DATASET ENTRIES:
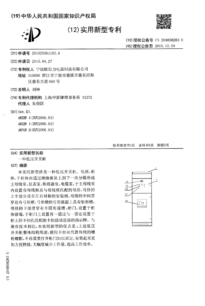 一種低壓開關(guān)柜1
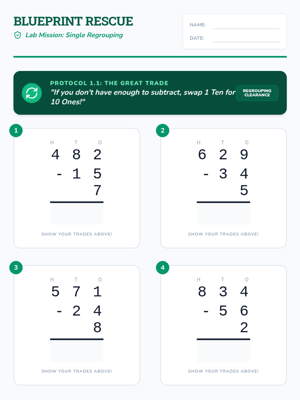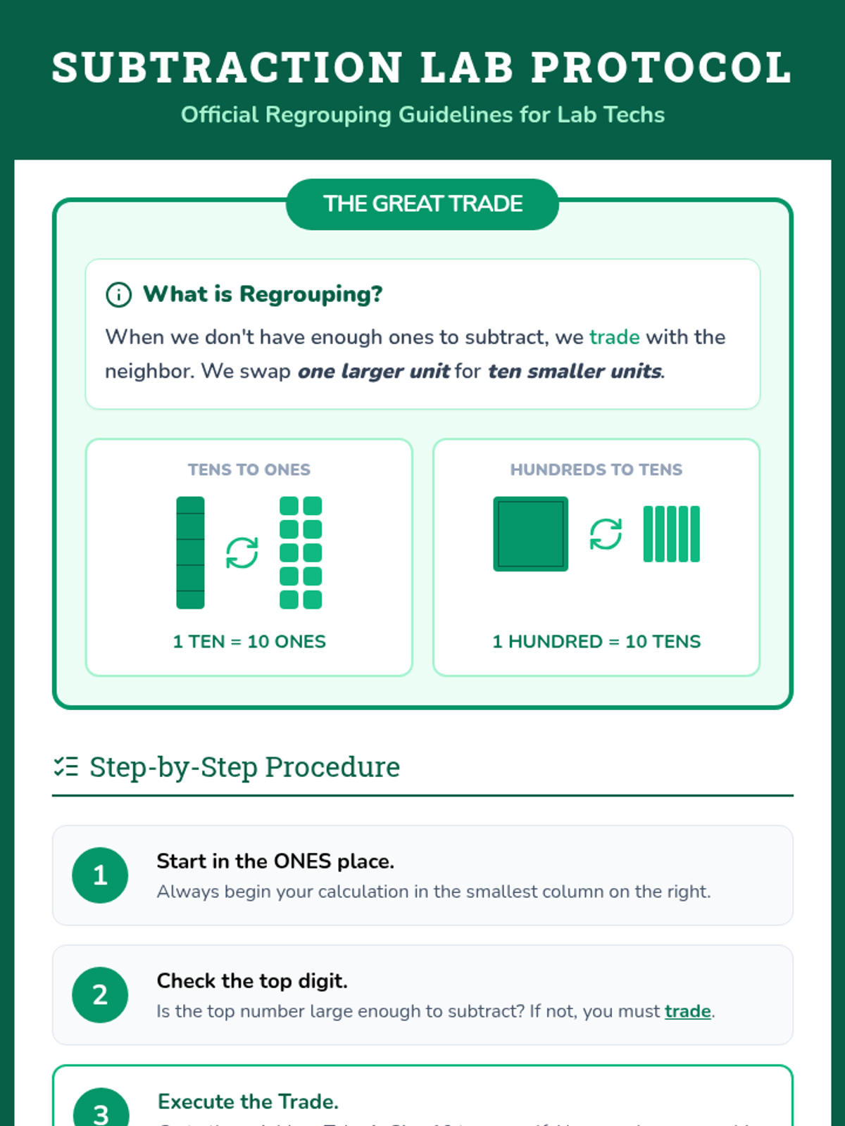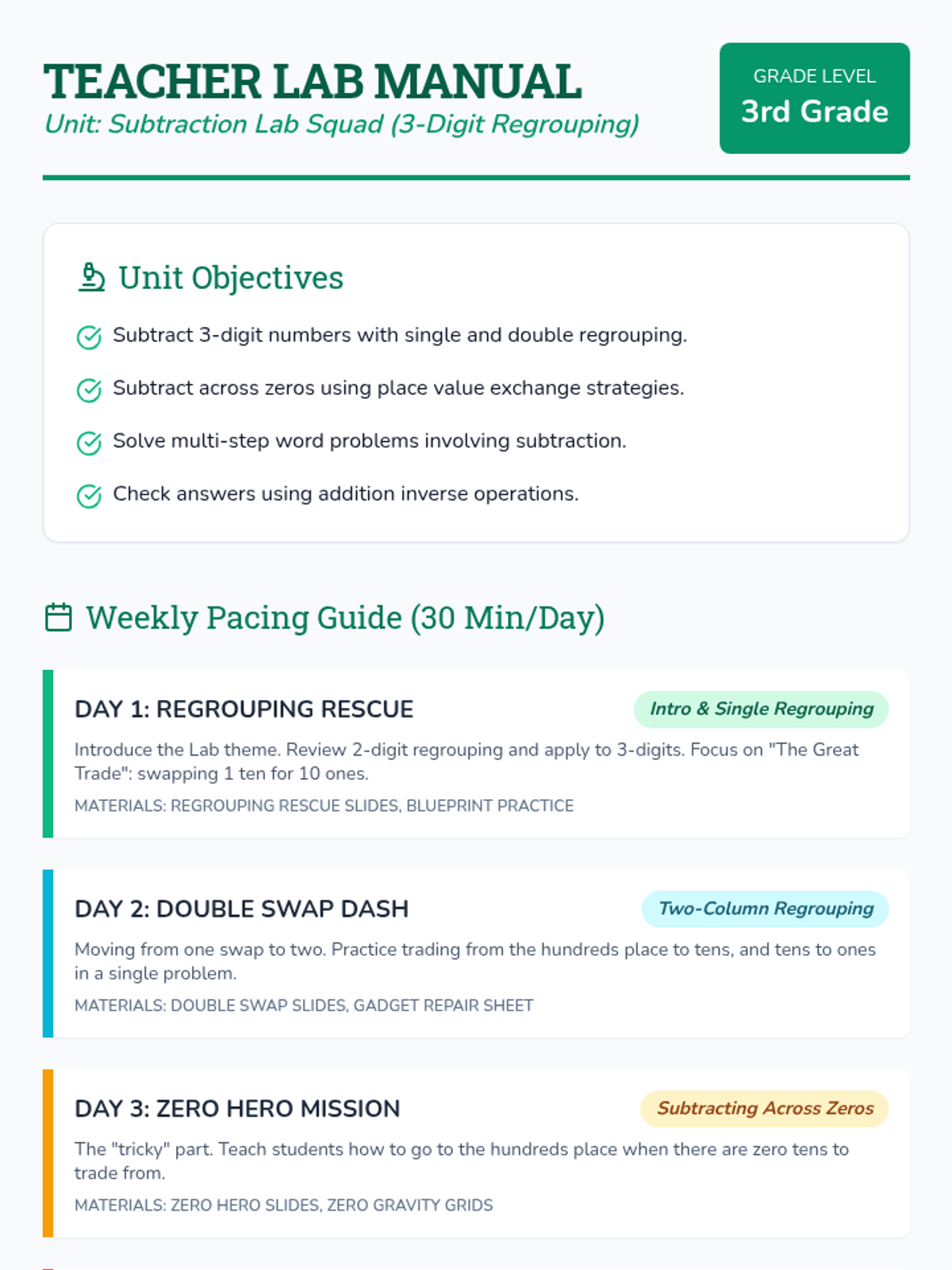 A comprehensive 5-day unit for 3rd-grade students to master 3-digit subtraction with regrouping. The sequence follows a 'Math Lab' theme, moving from single regrouping to double regrouping, subtracting across zeros, and multi-step word problems.
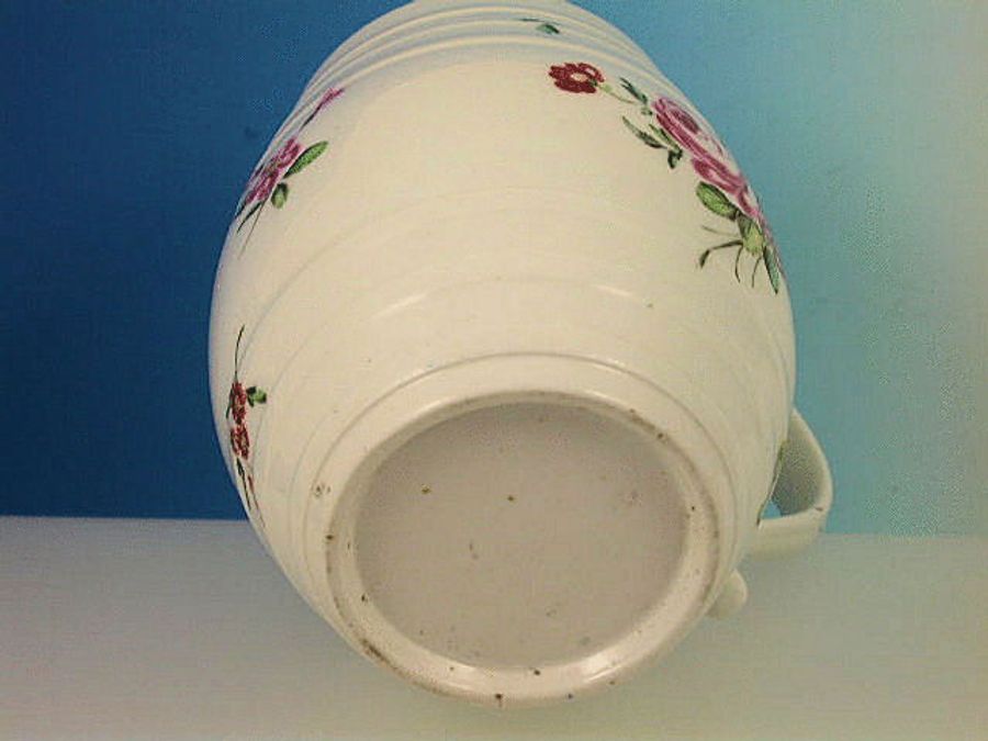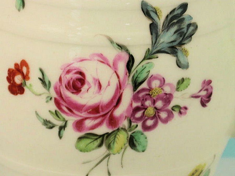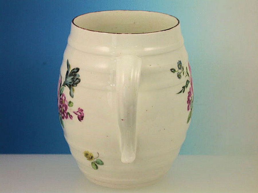 A Duesbury Derby Barrel shaped Mug with solid strap handle, painted in polychrome enamels with sprays and bouquets of English flowers within a chocolate line border to the rim.
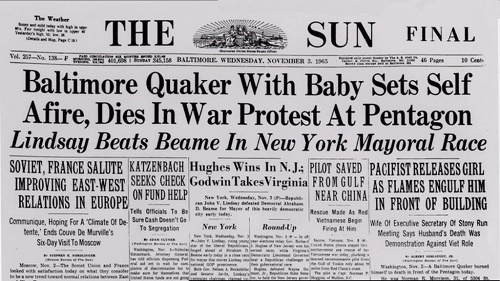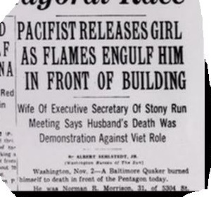 Động lực thứ hai là cuộc tự thiêu của Norman Morrison, người Mỹ đầu tiên hưởng ứng phong trào tự thiêu của Hòa Thượng Thích Quảng Đức. Norman Morrison đã leo lên bức tường bao quanh Nhà Năm Góc (02 Nov, 1965) để tự thiêu phản đối chiến tranh Việt Nam. Chỗ mà Bộ Trưởng Quốc Phòng Robert McNamara có thể nhìn thấy từ phòng làm việc của ông trong Lầu Năm Góc.
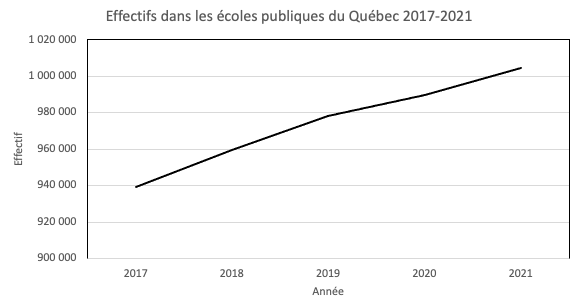 J’ai obtenu les données d’effectifs des écoles publiques du ministère de l’éducation pour la période 2017-2021 (voir figure 2). On peut constater, à la figure 2, que l’effectif est passé de 939 144 en 2017 à 1 004 777 en 2021, soit une croissance de 65 633 élèves en 5 ans seulement.

WHAT IS REQUIRED: The output must start at the line holding "A comprehensive 5-day", end at the last line of the listing above, and show each line exactly; please omit all pictures.

REPLY:
 A comprehensive 5-day unit for 3rd-grade students to master 3-digit subtraction with regrouping. The sequence follows a 'Math Lab' theme, moving from single regrouping to double regrouping, subtracting across zeros, and multi-step word problems.
 A Duesbury Derby Barrel shaped Mug with solid strap handle, painted in polychrome enamels with sprays and bouquets of English flowers within a chocolate line border to the rim.
 Động lực thứ hai là cuộc tự thiêu của Norman Morrison, người Mỹ đầu tiên hưởng ứng phong trào tự thiêu của Hòa Thượng Thích Quảng Đức. Norman Morrison đã leo lên bức tường bao quanh Nhà Năm Góc (02 Nov, 1965) để tự thiêu phản đối chiến tranh Việt Nam. Chỗ mà Bộ Trưởng Quốc Phòng Robert McNamara có thể nhìn thấy từ phòng làm việc của ông trong Lầu Năm Góc.
 J’ai obtenu les données d’effectifs des écoles publiques du ministère de l’éducation pour la période 2017-2021 (voir figure 2). On peut constater, à la figure 2, que l’effectif est passé de 939 144 en 2017 à 1 004 777 en 2021, soit une croissance de 65 633 élèves en 5 ans seulement.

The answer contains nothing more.